Neo liberal attempts to control Arab art and culture and abolish the culture of resistance and confront Zionism in the region were the axes of the symposium held by the Arab Cultural Center in Mezza on Wednesday 3rd of March.
During his participation in the symposium, researcher Fadil Abdullah highlighted the importance of resistance writers and their impact on Arab culture, especially those who were assassinated by Zionism such as Kamal Khair Bek, Ghassan Kanafani, Majid Abu Sharar and Kamal Nasser after they posed a danger in educating the Arab generation and promoting militant ideology in them.
Abdullah pointed to the great attempts of neoliberalism in trying to erase the memory of the present generation and direct them to ways that fit the agenda of the occupation. .

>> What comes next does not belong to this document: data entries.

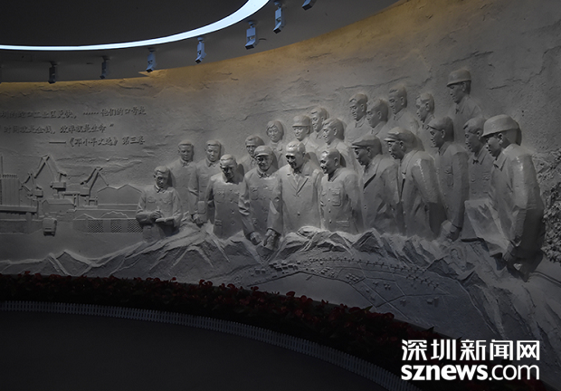 浮雕還原了1984年鄧小平第一次南巡期間,鄧小平、楊尚昆、王震等中央領(lǐng)導(dǎo)聽取袁庚介紹蛇口工業(yè)區(qū)發(fā)展情況的歷史一刻。
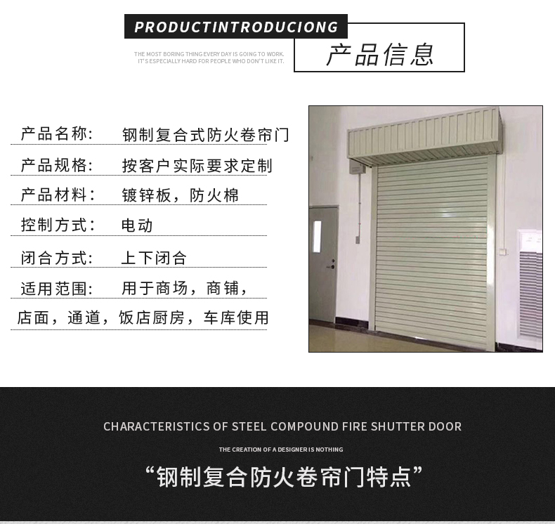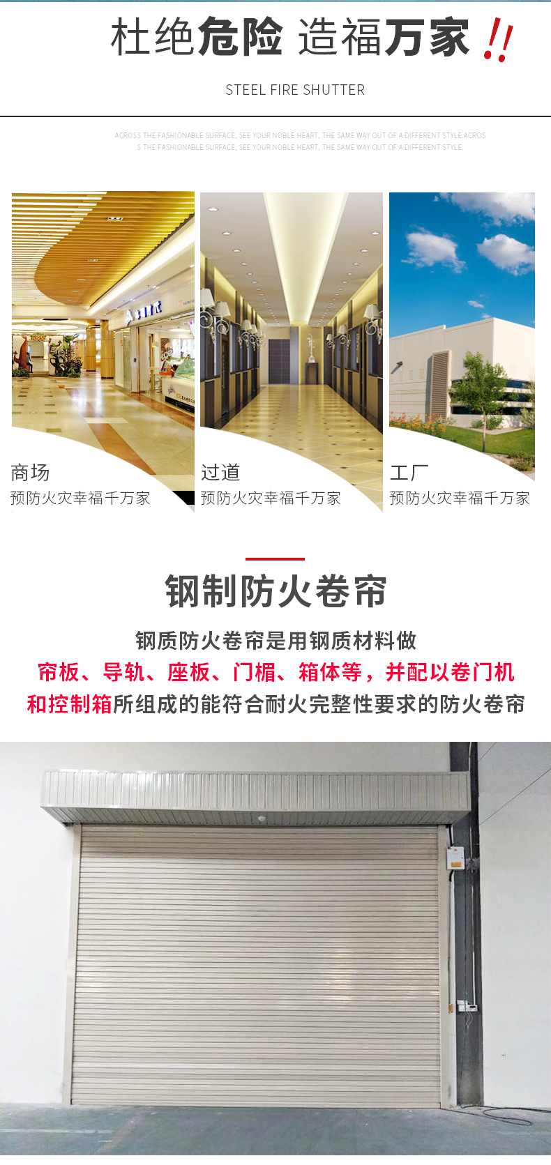 防火卷簾門是一種適用于建筑物較大洞口處的防火、隔熱設(shè)施,產(chǎn)品在設(shè)計(jì)安裝上起到了一定的作用技術(shù)。防火卷簾門廣泛應(yīng)用于工業(yè)與民用建筑的防火隔斷區(qū),能有效地阻止火勢蔓延,保障生命財(cái)產(chǎn)安全,是現(xiàn)代建筑中不可或缺的防火設(shè)施。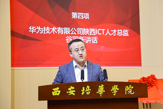 华为技术有限公司陕西ICT人才总监谷羽新介绍了华为ICT领域成果,他表示双方将继续深化合作,共同推动ICT产业的发展。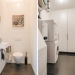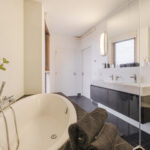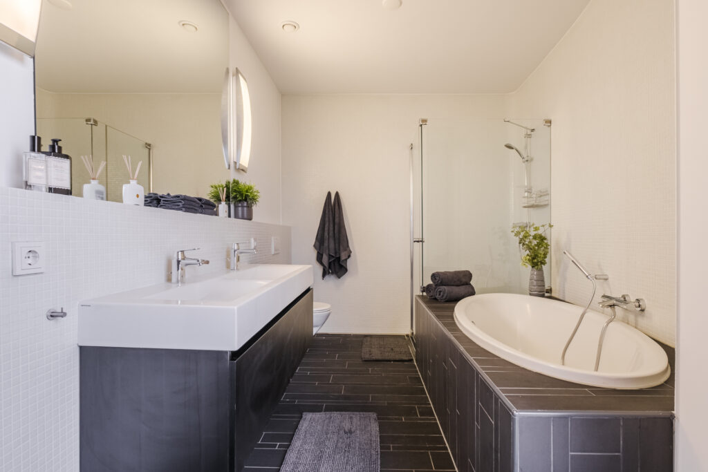 The serene bedroom includes custom-made wardrobes and direct access to the modern bathroom with bathtub, walk-in shower, double washbasin and second toilet. Two cleverly integrated home office spaces—one in the living room and one in the bedroom—ensure effortless remote working for two people.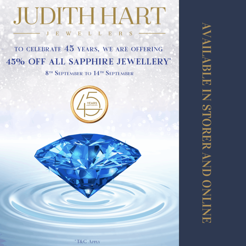 To mark 45 years of timeless elegance, Judith Hart Jewellers are offering an exclusive 45% off all sapphire jewellery. From classic designs to contemporary styles, it’s the perfect time to add a touch of luxury to your collection.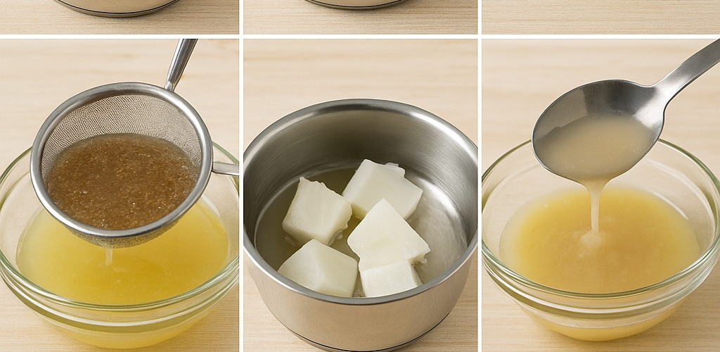 - Nad parou rozpusťte jemné mýdlo či glycerin, nechte lehce vychladnout a přilijte k směsi.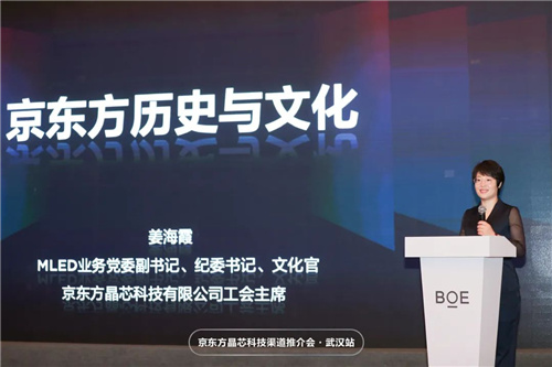 京東方晶芯科技有限公司MLED業務黨委副書記、紀委書記、文化官姜海霞帶來了“京東方歷史與文化”主題演講。作為京東方的制勝法寶,以創新源動力和文化內驅力的維度講述了京東方的發展歷史、現有規模以及文化愿景。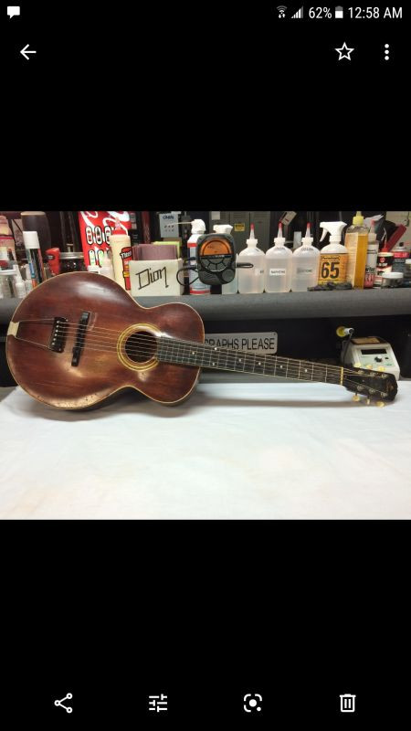 Newly restored by a luthier has guitar case with my name on it, it's a arch top L1 Gibson , vintage beauty was the first Gibson ever made..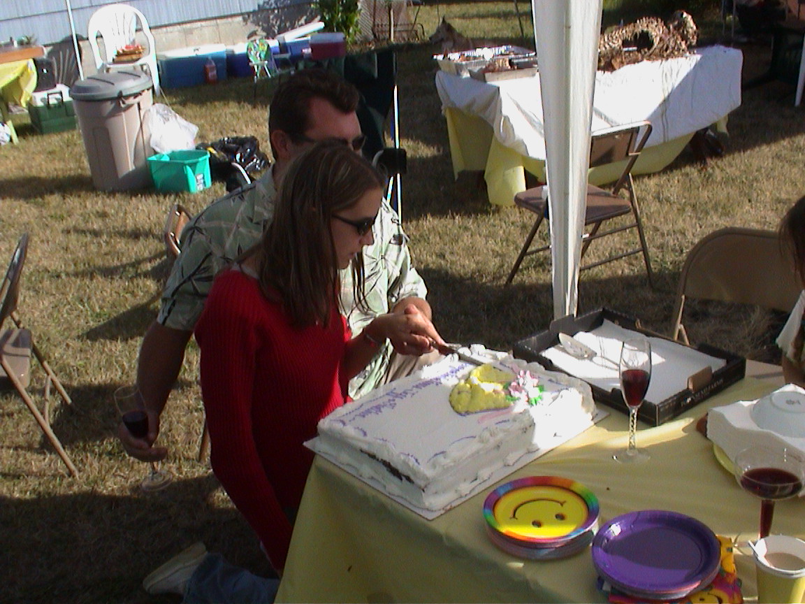 Caption: Cutting cake.

Artist Suleiman Kattan pointed out the seriousness of the behavior of the artists and actors who were affected by what the West and Zionism convinced them, so they left their homeland only to face disappointment. He also shed light on the meanings embodied by the artists who preserved their principles and kept defending their homeland unconcerned with the difficulties they faced and the dangers that beset them.
Researcher Bakour Al-Aroub spoke about the dangers of the weakness and diffusion of the Arabic language, the domination of dialects over the culture, the spread of so-called “spoken poetry”, and its attempt to control culture. He underlined the importance of attaching importance to classical Arabic, especially in embodying civilization and culture in order to accurately reach the future.
Al-Aroub believed that interest in culture, originality and Arabism is one of the foundations that strengthen belonging to the homeland, due to the fact that it is one of the most important phenomena that motivates a person to defend his land and dignity.
Director Muhammad Nasrallah and poets Ahmed Dhamam, Thaer Mahfoud and Mahmoud Najjar presented interventions that added to the symposium ideas about fighting modern liberalism and fighting cultural conquest.